Okay, sorry about that. Um...just to clarify, it wasn't a lizard, it was a salamander, and I released it happily back into the wild. Un-maimed. Okay, on with the story. I'll just cut to the chase. Actually...I'll just make this a focus in itself...I can't stop laughing...I'll continue the story I was going to tell in the next focus.

Focus #11

Anyways, my boyfriend came to my house one day. He is the first guy I've actually brought home. My dad didn't speak one word to him the entire time we were there. We have this thing that's like a souped up golf cart called a Rhino. You may know what I'm talking about, you may not. Look it up. To pass time, and to get Shaun away from my dad, I decided to take him for a ride on it.

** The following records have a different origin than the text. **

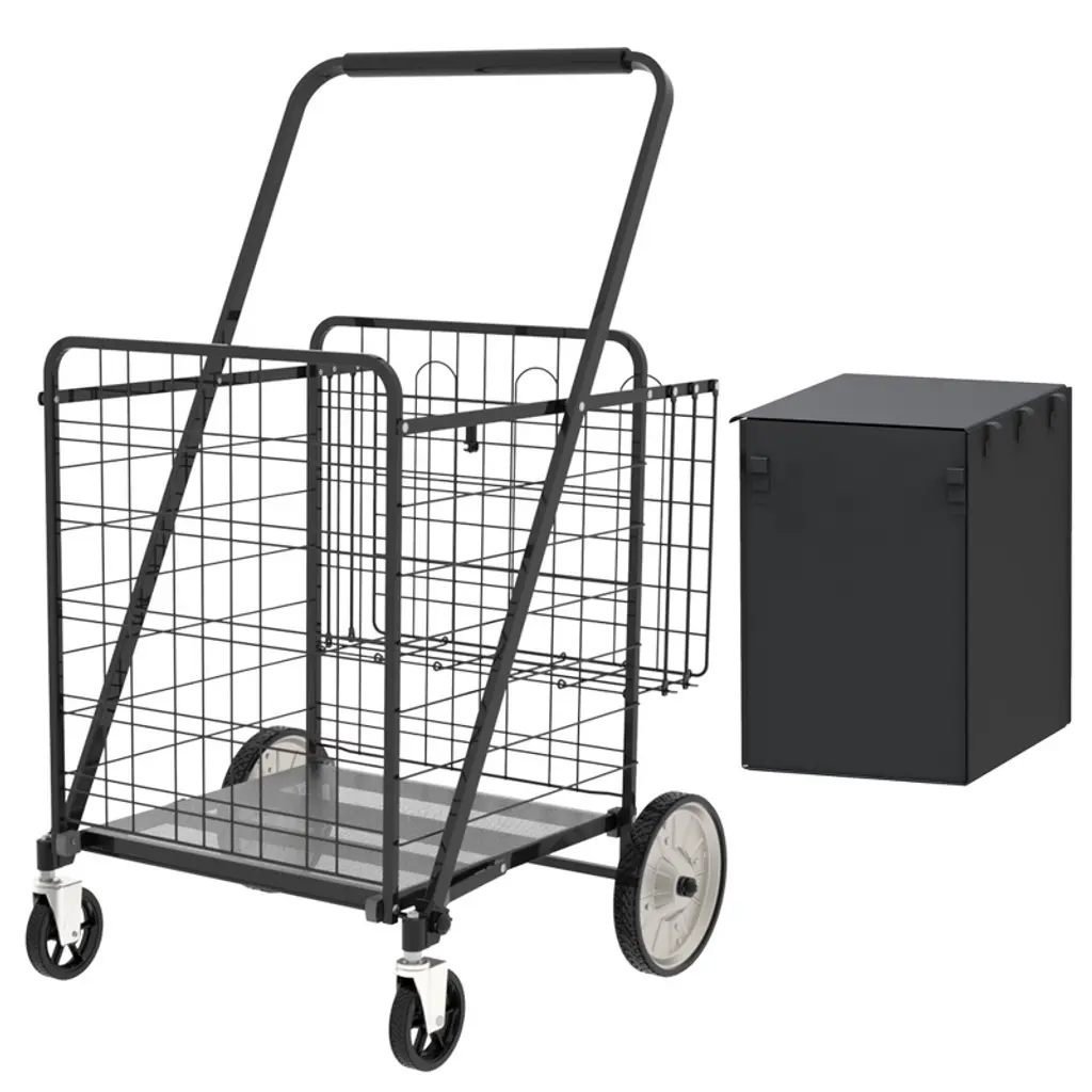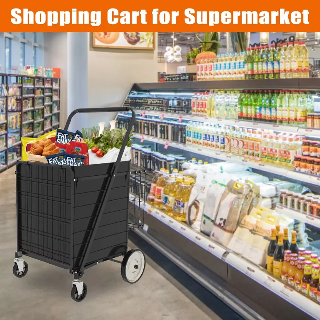 Ktmbdw Large Folding Utility Shopping Cart With Removable Liner ̈C Heavy Duty, 360¡ã Swivel Wheels, Portable For Groceries, Laundry, Black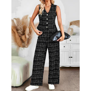 Plaid V-Neck Button Up Vest and Pants Set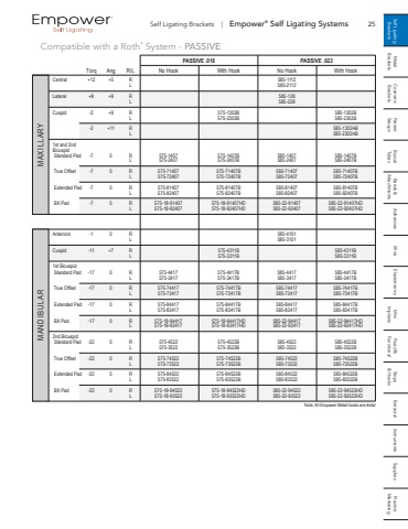25 Self Ligating Metal Cosmetic Patient Buccal Bands & Adhesives Wire Elastomerics Mini Fixed & Stops Extraoral Instruments Supplies Practice Brackets Brackets Brackets Setups Tubes Attachments Implants Functional & Hooks MarketingNote: All Empower Metal hooks are distalMANDIBULARCompatible with a Roth* System - PASSIVE PASSIVE .018 PASSIVE .022 Torq Ang R/L No Hook With Hook No Hook With HookCentral +12 +5 R 585-1112 L 585-2112 Lateral +8 +9 R 585-128 L 585-228 Cuspid -2 +9 R 575-1302B 585-1302B L 575-2302B 585-2302B -2 +11 R 585-1302AB L 585-2302AB 1st and 2nd Bicuspid Standard Pad -7 0 R 575-1407 575-1407B 585-1407 585-1407B L 575-2407 575-2407B 585-2407 585-2407B True Offset -7 0 R 575-71407 575-71407B 585-71407 585-71407B L 575-72407 575-72407B 585-72407 585-72407B Extended Pad -7 0 R 575-81407 575-81407B 585-81407 585-81407B L 575-82407 575-82407B 585-82407 585-82407B BX Pad -7 0 R 575-18-91407 575-18-91407HD 585-22-91407 585-22-91407HD L 575-18-92407 575-18-92407HD 585-22-92407 585-22-92407HDAnteriors -1 0 R 585-4101 L 585-3101 Cuspid -11 +7 R 575-4311B 585-4311B L 575-3311B 585-3311B1st Bicuspid Standard Pad -17 0 R 575-4417 575-4417B 585-4417 585-4417B L 575-3417 575-3417B 585-3417 585-3417B True Offset -17 0 R 575-74417 575-74417B 585-74417 585-74417B L 575-73417 575-73417B 585-73417 585-73417B Extended Pad -17 0 R 575-84417 575-84417B 585-84417 585-84417B L 575-83417 575-83417B 585-83417 585-83417B BX Pad -17 0 R 575-18-94417 575-18-94417HD 585-22-94417 585-22-94417HD L 575-18-93417 575-18-93417HD 585-22-93417 585-22-93417HD2nd Bicuspid Standard Pad -22 0 R 575-4522 575-4522B 585-4522 585-4522B L 575-3522 575-3522B 585-3522 585-3522B True Offset -22 0 R 575-74522 575-74522B 585-74522 585-74522B L 575-73522 575-73522B 585-73522 585-73522B Extended Pad -22 0 R 575-84522 575-84522B 585-84522 585-84522B L 575-83522 575-83522B 585-83522 585-83522B BX Pad -22 0 R 575-18-94522 575-18-94522HD 585-22-94522 585-22-94522HD L 575-18-93522 575-18-93522HD 585-22-93522 585-22-93522HD MAXILLARYSelf Ligating Brackets | Empower%u00ae Self Ligating Systems

I took the wheel, he was in the passenger seat, and my brother was in the back. The Rhino has no doors. Remember this.

I wasn't driving as fast as I normally do because I didn't want to risk having a wreck and embarrassing myself. We drive around the farm a bit, and then I decide to take him on a narrow trail through the woods. BIG MISTAKE!

Okay, so we're all laughing about something, and I'm being careful and everything, but I guess I'm driving too fast just out of habit. A random branch of a pine tree gets caught on the windshield, bends back...and hits Shaun right in the face. He yells really loud and kind of wrestles with it a bit.

I start to laugh. I can't stop. I have to stop driving.

"You did that on purpose!" he cries, now laughing also.

"No! I really didn't!" But I don't sound very convincing.

"I just discovered that I scream like an eight year old girl," he says.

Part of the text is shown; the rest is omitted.